Witness feared car would ‘kill someone’

Written by admin on 30/07/2019 Categories: 佛山桑拿网

A witness feared someone would be killed when she saw a Mercedes-Benz allegedly driven by Tasmania’s director of public prosecutions travelling in the wrong lane.


Sabina Van Ingen has told a Hobart court she passed the car shortly before it was involved in a fatal crash.

Prosecutors allege DPP Tim Ellis was driving in an overtaking lane for oncoming traffic when the Mercedes collided with a Toyota Corolla last year.

The Toyota’s driver, 27-year-old Launceston woman Natalia Pearn, was killed.

Ellis has pleaded not guilty to a charge of causing death by negligent driving.

Ms Van Ingen became emotional as she described her feelings on passing the Mercedes.

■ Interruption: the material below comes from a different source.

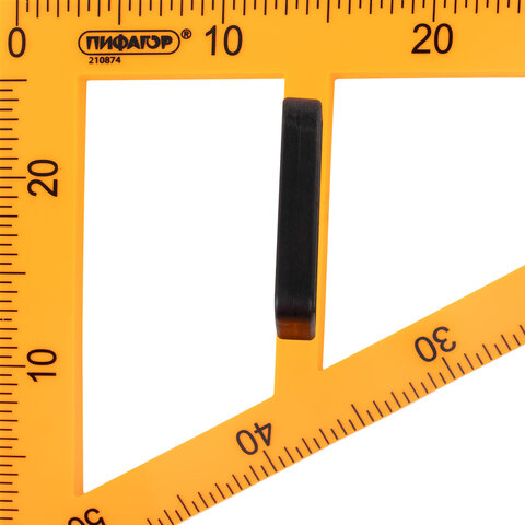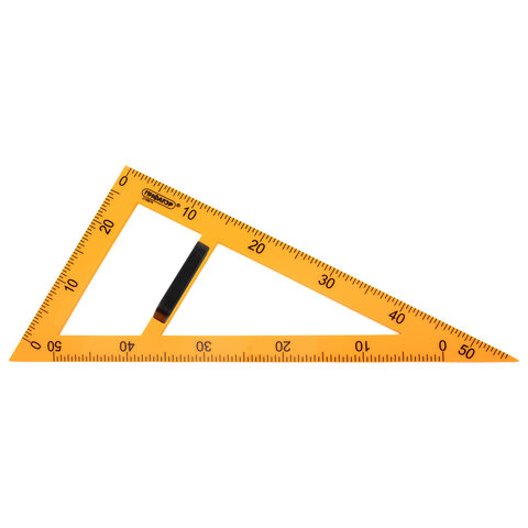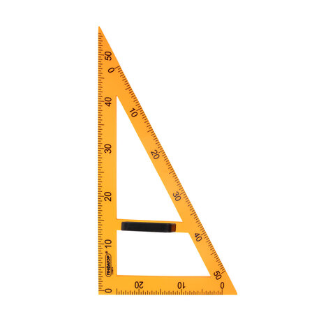 Изготовлен из прочного пластика. Длина шкалы – 50 см, углы – 30° и 60°. Обладает четкой контрастной печатной разметкой. Цвет треугольника – оранжевый. Упакован в воздушно-пузырчатую пленку.

“I said to my husband that he’s going to kill somebody,” she told the Hobart Magistrates Court.

Ms Van Ingen said she didn’t have time to flash her headlights at the car as she watched it stay within the lane for around 100 metres.

She heard of the fatal crash in a phone call to her father that evening and called police.

Other witnesses told of their fears of an accident when they observed a car in the wrong lane on the Midland Highway between Hobart and Launceston.

Jane Bird, a passenger in the car behind Ellis’s, said the southbound Mercedes moved into the wrong lane for no apparent reason.

“My first thought was … what is that car doing?” Ms Bird said.

“(We) thought potentially something terrible could happen.”

Ms Bird said the car was driven “smoothly and quite controlled” in a middle lane meant for northbound traffic.

She told the driver of the car she was in to slow down.

The pair came across the aftermath of the crash, which also included a third car, when they rounded a bend.

Crash investigators have told the court the head-on impact most likely occurred in the northbound middle lane.

They say there is no evidence of strong braking or violent steering from either car.

Ellis told police in an interview soon after the accident he didn’t recall the first impact, with the Toyota.

He said he had been diagnosed with sleep apnoea for 18 months and it would be the only explanation if his car had been in the wrong lane.

The hearing will continue on Wednesday.